Gastric antral vascular ectasia (GAVE), also known as “watermelon stomach”, is a rare clinical condition related to upper gastrointestinal (GI) bleeding, which varies from chronic occult blood loss requiring serial transfusions to acute hemorrhage[1]. GAVE was first described by Rider et al[2] in 1953 and fully defined by Jabbari et al[3] in 1984, who described patients with hyperemic striae in gastric antrum. GAVE is characterized by a unique endoscopic appearance, which takes two forms, punctate (a diffuse, honeycomb-like appearance) and striped (a linear, watermelon-like appearance). Striped GAVE has the endoscopic appearance of red stripes radiating from antrum and converging at pylorus, whereas the punctate form is characterized by diffuse red spots indicating dilated blood vessels in antrum.

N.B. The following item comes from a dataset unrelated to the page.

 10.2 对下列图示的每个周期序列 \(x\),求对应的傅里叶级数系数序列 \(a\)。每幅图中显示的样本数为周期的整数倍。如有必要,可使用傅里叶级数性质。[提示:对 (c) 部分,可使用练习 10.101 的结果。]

Liver cirrhosis is the most frequent underlying condition associated with GAVE and portal hypertension is seen in approximately 40% of reported cases[4,5], though GAVE may not respond to therapies directed at reducing portal pressure. In addition, GAVE has been associated with other diverse medical conditions including chronic renal failure, diabetes, and autoimmune and connective tissue disorders such as systemic lupus erythematosus, rheumatoid arthritis, and systemic sclerosis[6-10]. Thus, the heterogeneity of underlying diseases observed in GAVE patients suggests its pathogenesis may be variable[11].

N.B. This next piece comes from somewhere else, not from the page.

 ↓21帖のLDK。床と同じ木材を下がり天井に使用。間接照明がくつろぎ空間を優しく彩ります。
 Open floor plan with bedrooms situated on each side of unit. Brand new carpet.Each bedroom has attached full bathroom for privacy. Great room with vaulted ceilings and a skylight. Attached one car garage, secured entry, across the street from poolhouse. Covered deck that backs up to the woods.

Epidemiologic evidence indicating that the clinical outcomes of GAVE patients with or without cirrhosis differ is lacking. Although numerous studies have investigated GAVE and many case reports and series have been reported, little information is available on the effects of its etiologies and gross endoscopic appearances on long-term clinical courses or outcomes, especially in Asians. In this study, we aimed to determine whether the presence of cirrhosis and endoscopic patterns are related to the clinical features and course of GAVE.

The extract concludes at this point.